Using sdpa and flash_attention_2 error

aixingxy commented 1 week ago

Hello, thanks for this great job! I followed the instructions INFERENCE , but encountered some difficulties.

from parler_tts import ParlerTTSForConditionalGeneration
import torch
from transformers import AutoTokenizer
import soundfile as sf

torch_device = "cuda:0" # use "mps" for Mac
torch_dtype = torch.float32
model_name = "parler-tts/parler-tts-mini-v1"

attn_implementation = "sdpa" # "sdpa" or "flash_attention_2"

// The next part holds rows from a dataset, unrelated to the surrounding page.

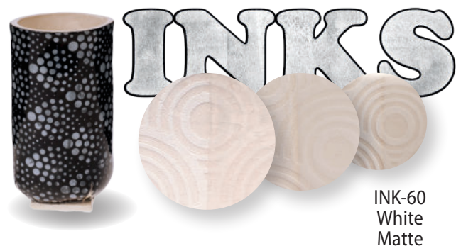
INK-60 White Matte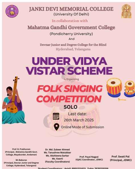
(Poster of the Competition)

This event not only celebrated the richness of folk music but also strengthened the academic and cultural ties between the collaborating institutions. The faculty coordinators and student organizers played a crucial role in ensuring the smooth execution of the competition. Such initiatives under the Vidya Vistar Scheme continue to enhance inter-institutional learning and cultural appreciation.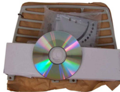
Small shipping size (cd not included)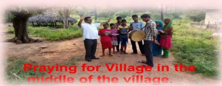
Praying for Village in the middle of the village.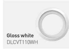
Gloss white DLCVT110WH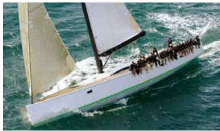
ARAGON 22.00 m 6/2 West Mediterranean 35,000 €/week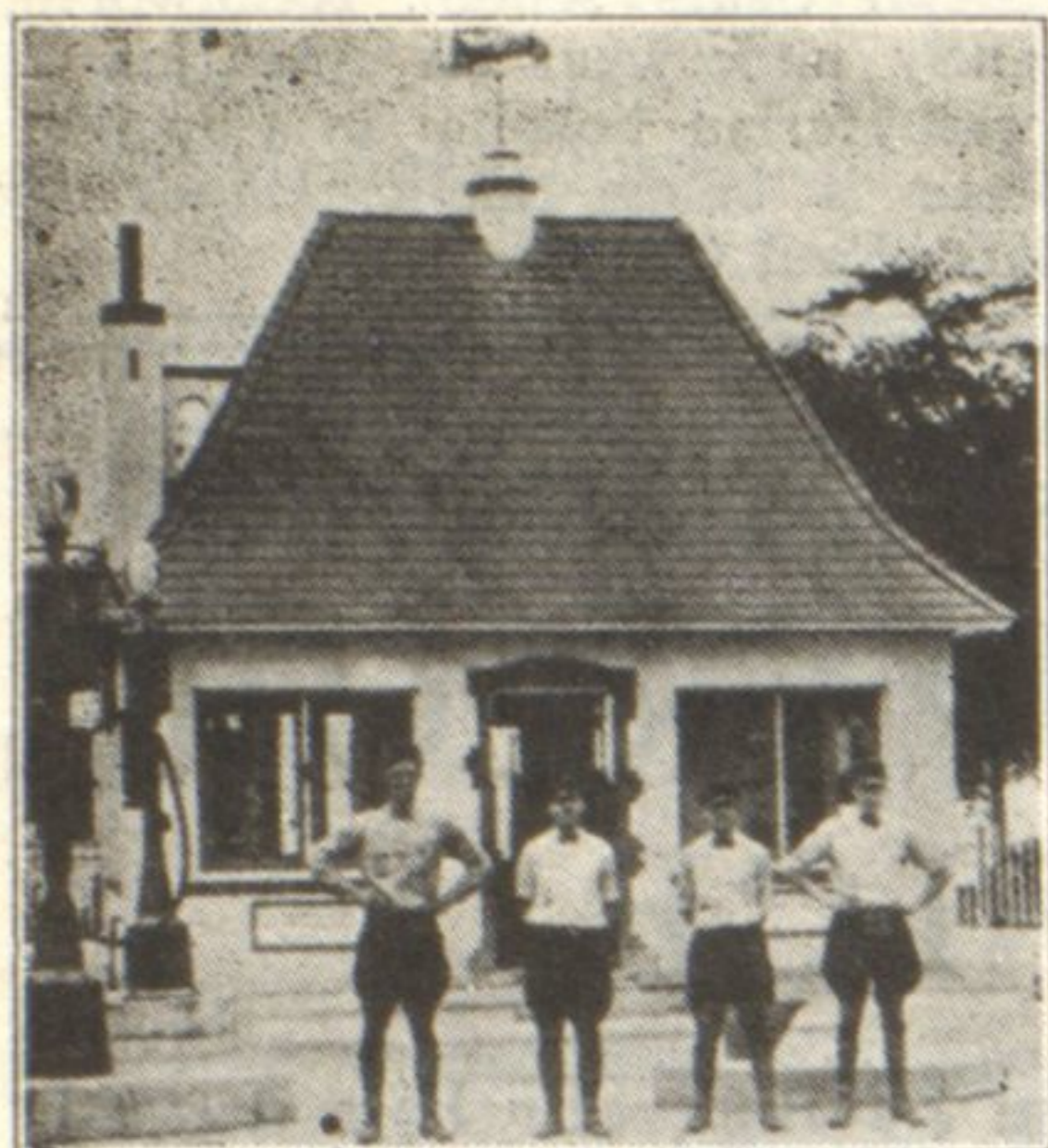
The Red Roof in No-Man's Land Just South of "The Cottage"

DON'T BE IN DOUBT about the strength of the solution in your RADIATOR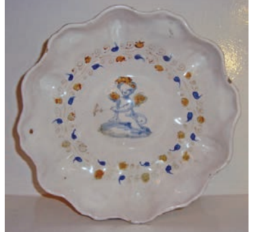
17th century Faenza Italian ceramic Tazza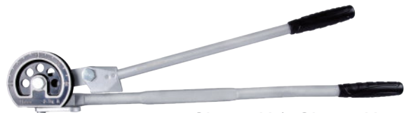
7CA11-15M / 7CA11-16M 7CA11-20S / 7CA11-24S

model = ParlerTTSForConditionalGeneration.from_pretrained(model_name, torch_dtype=torch_dtype, attn_implementation=attn_implementation).to(torch_device)
tokenizer = AutoTokenizer.from_pretrained(model_name)

prompt = "Hey, how are you doing today?"
description = "A female speaker delivers a slightly expressive and animated speech with a moderate speed and pitch. The recording is of very high quality, with the speaker's voice sounding clear and very close up."

input_ids = tokenizer(description, return_tensors="pt").input_ids.to(torch_device)
prompt_input_ids = tokenizer(prompt, return_tensors="pt").input_ids.to(torch_device)

generation = model.generate(input_ids=input_ids, prompt_input_ids=prompt_input_ids)
audio_arr = generation.cpu().to(torch.float32).numpy().squeeze()

sf.write("parler_tts_out.wav", audio_arr, model.config.sampling_rate)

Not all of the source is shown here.